New computer vision tool wins prize for social impact

A team of computer scientists at the University of Massachusetts Amherst working on two different problems — how to quickly detect damaged buildings in crisis zones and how to accurately estimate the size of bird flocks — recently announced an AI framework that can do both. The framework, called DISCount, blends the speed and massive data-crunching power of artificial intelligence with the reliability of human analysis to quickly deliver reliable estimates that can quickly pinpoint and count specific features from very large collections of images. The research, published by the Association for the Advancement of Artificial Intelligence, has been recognized by that association with an award for the best paper on AI for social impact.

“DISCount came together as two very different applications,” says Subhransu Maji, associate professor of information and computer sciences at UMass Amherst and one of the paper’s authors. “Through UMass Amherst’s Center for Data Science, we have been working with the Red Cross for years in helping them to build a computer vision tool that could accurately count buildings damaged during events like earthquakes or wars. At the same time, we were helping ornithologists at Colorado State University and the University of Oklahoma interested in using weather radar data to get accurate estimates of the size of bird flocks.”

Maji and his co-authors, lead author Gustavo Pérez, who completed this research as part of his doctoral training at UMass Amherst, and Dan Sheldon, associate professor of information and computer sciences at UMass Amherst, thought they could solve the damaged-buildings-and-bird-flock problems with computer vision, a type of AI that can scan enormous archives of images in search of something particular — a bird, a rubble pile — and count it.

But the team was running into the same roadblocks on each project: “the standard computer visions models were not accurate enough,” says Pérez. “We wanted to build automated tools that could be used by non-AI experts, but which could provide a higher degree of reliability.”

The answer, says Sheldon, was to fundamentally rethink the typical approaches to solving counting problems.

“Typically, you either have humans do time-intensive and accurate hand-counts of a very small data set, or you have computer vision run less-accurate automated counts of enormous data sets,” Sheldon says. “We thought: why not do both?”

DISCount is a framework that can work with any already existing AI computer vision model. It works by using the AI to analyze the very large data sets — say, all the images taken of a particular region in a decade — to determine which particular smaller set of data a human researcher should look at. This smaller set could, for example, be all the images from a few critical days that the computer vision model has determined best show the extent of building damage in that region. The human researcher could then hand-count the damaged buildings from the much smaller set of images and the algorithm will use them to extrapolate the number of buildings affected across the entire region. Finally, DISCount will estimate how accurate the human-derived estimate is.

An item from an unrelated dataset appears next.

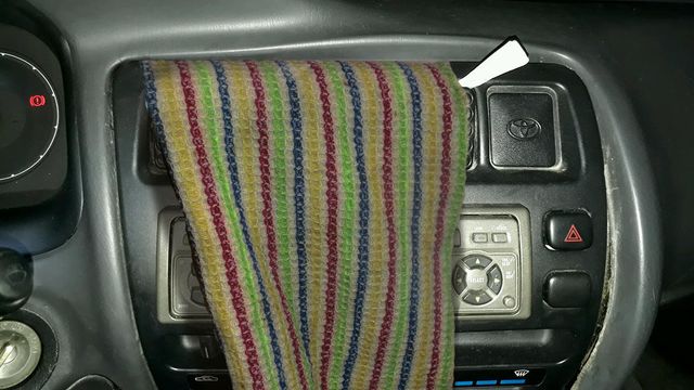 Можна використати мокру тканину, закріпивши її на вентиляційних отворах. У процесі зволоження повітря буде трохи охолоджуватися. Цей спосіб поганий тим, що тканина швидко висихає – її доведеться часто змочувати.

“DISCount works significantly better than random sampling for the tasks we considered,” says Pérez. “And part of the beauty of our framework is that it is compatible with any computer-vision model, which lets the researcher select the best AI approach for their needs. Because it also gives a confidence interval, it gives researchers the ability to make informed judgments about how good their estimates are.”

“In retrospect, we had a relatively simple idea,” says Sheldon. “But that small mental shift — that we didn’t have to choose between human and artificial intelligence, has let us build a tool that is faster, more comprehensive, and more reliable than either approach alone.”